# Exercise goal
Word for word, output the data, with none of its pictures.

--- Provided data ---

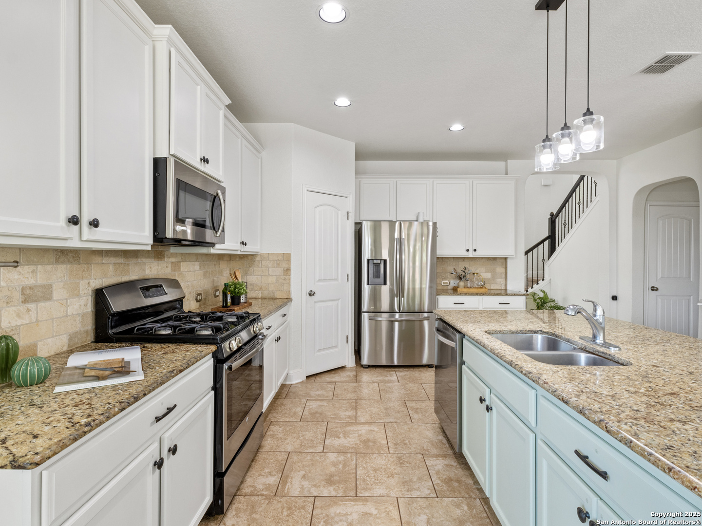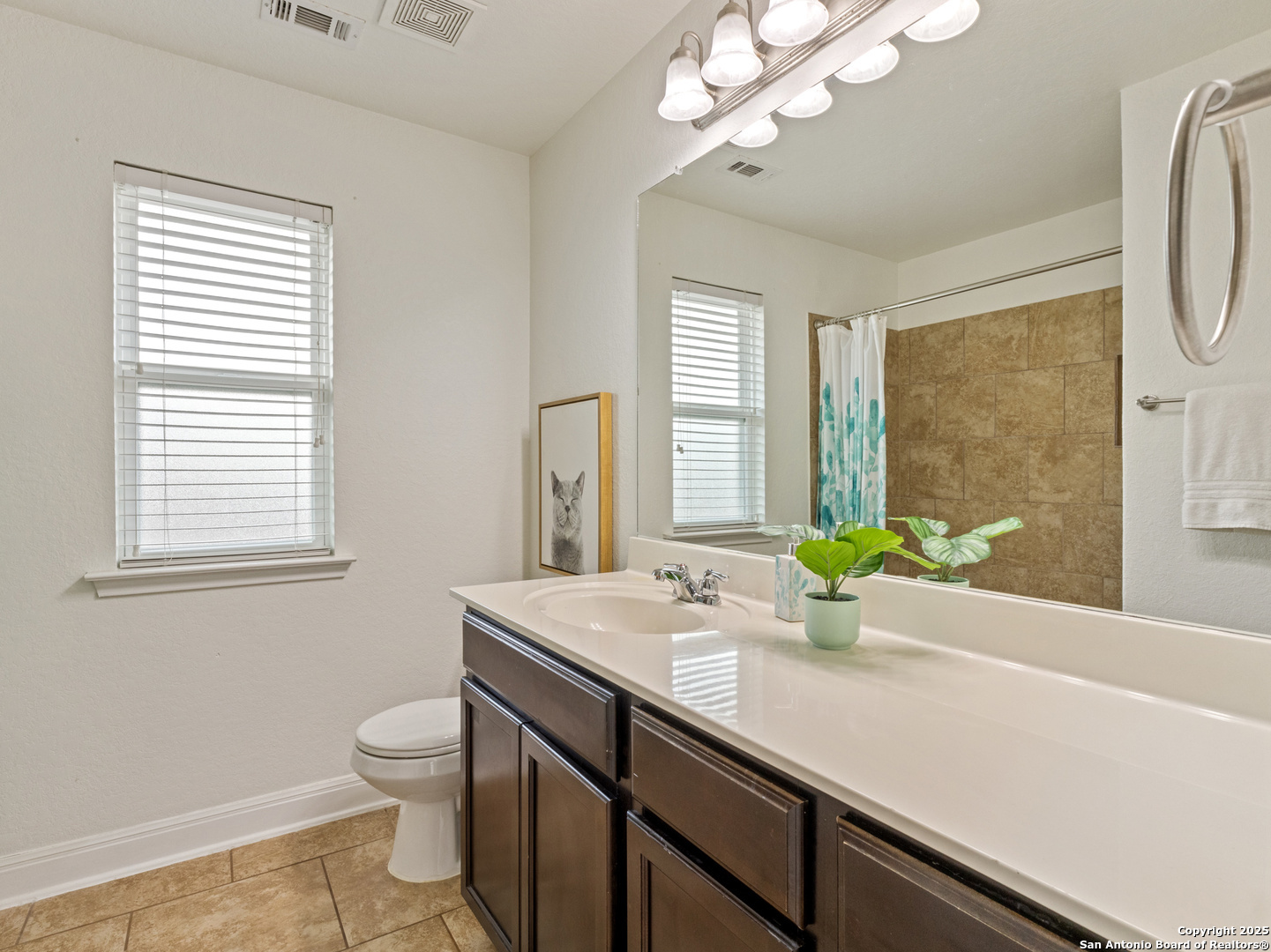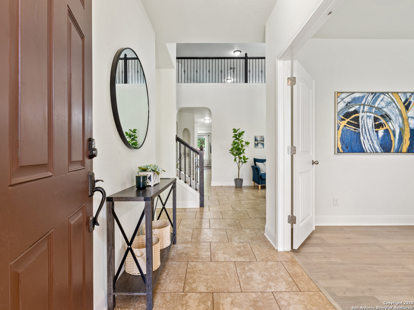 No need to upsize, this home has it all! Welcome to 22438 Akin Fawn, a spacious 4-bedroom, 3.5-bath home in North San Antonio offering the perfect blend of comfort and functionality with an OFFICE, THREE LIVING AREAS, a DOWNSTAIRS PRIMARY SUITE with dual closets, and an UPSTAIRS JUNIOR SUITE for guests. The open-concept kitchen and family room are ideal for entertaining, featuring a large island, abundant storage, and seamless flow for gatherings, while the OVERSIZED GAMEROOM with a flex space provides endless options for a media room, gym, or hobby area. You will love the high ceilings and the many windows for natural light, while the SOLAR PANELS offer energy efficiency and lower utility costs. Outside you'll enjoy an expansive patio and extra large backyard perfect for games, BBQ, parties, and relaxation. Located just off Evans Road with easy access to Loop 1604 and Hwy 281, this vibrant community is easily accessible and includes a community pool, clubhouse, basketball court, park, and playground-offering the best of both entertainment and outdoor fun. At 22438 your not just living, you are creating a lifestyle!! Zoned outside the city limits too.
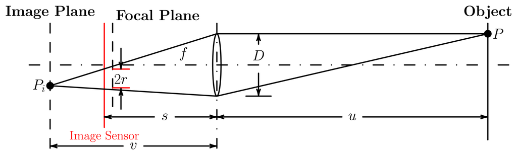 As shown in Figure 11, the distance between the image sensor (e.g., a CCD or CMOSarray) and the focused image plane, (|v — s|), is non-negligible when the object is out of focus. Thus, a point, P, of the object is imaged as a blur circle of radius, r, i.e., the defocus. The calculation of r is given by [,] as:
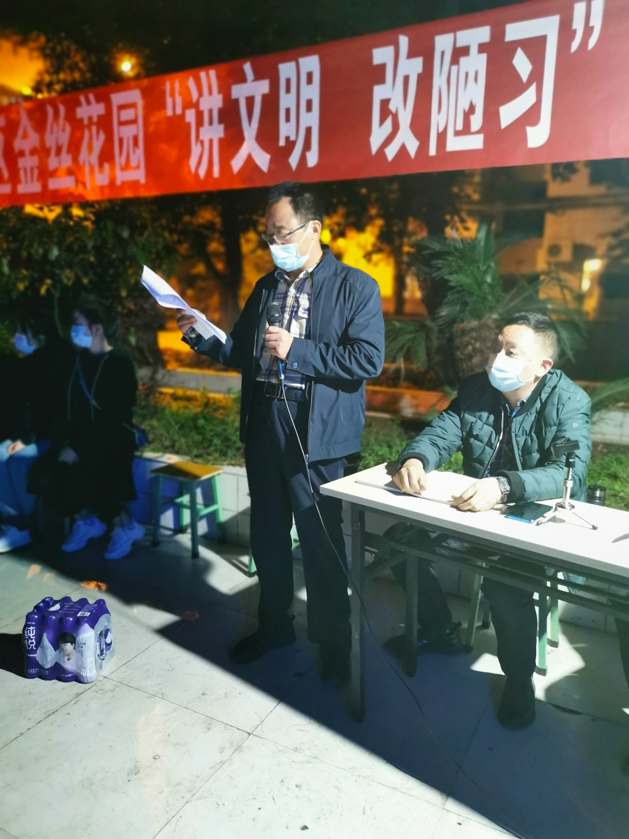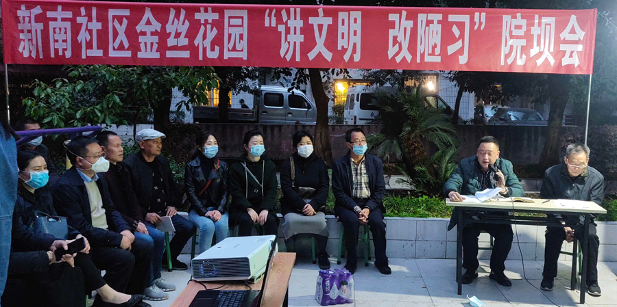 4月1日晚7点,达川区翠屏街道新南社区在金丝花园小区围绕“讲文明、改陋习”召开了一场别开生面的院坝会,市人大社会委董智文和信息中心罗欢同志应邀参加。

---

# Output of the exercise
 No need to upsize, this home has it all! Welcome to 22438 Akin Fawn, a spacious 4-bedroom, 3.5-bath home in North San Antonio offering the perfect blend of comfort and functionality with an OFFICE, THREE LIVING AREAS, a DOWNSTAIRS PRIMARY SUITE with dual closets, and an UPSTAIRS JUNIOR SUITE for guests. The open-concept kitchen and family room are ideal for entertaining, featuring a large island, abundant storage, and seamless flow for gatherings, while the OVERSIZED GAMEROOM with a flex space provides endless options for a media room, gym, or hobby area. You will love the high ceilings and the many windows for natural light, while the SOLAR PANELS offer energy efficiency and lower utility costs. Outside you'll enjoy an expansive patio and extra large backyard perfect for games, BBQ, parties, and relaxation. Located just off Evans Road with easy access to Loop 1604 and Hwy 281, this vibrant community is easily accessible and includes a community pool, clubhouse, basketball court, park, and playground-offering the best of both entertainment and outdoor fun. At 22438 your not just living, you are creating a lifestyle!! Zoned outside the city limits too.
 As shown in Figure 11, the distance between the image sensor (e.g., a CCD or CMOSarray) and the focused image plane, (|v — s|), is non-negligible when the object is out of focus. Thus, a point, P, of the object is imaged as a blur circle of radius, r, i.e., the defocus. The calculation of r is given by [,] as:
 4月1日晚7点,达川区翠屏街道新南社区在金丝花园小区围绕“讲文明、改陋习”召开了一场别开生面的院坝会,市人大社会委董智文和信息中心罗欢同志应邀参加。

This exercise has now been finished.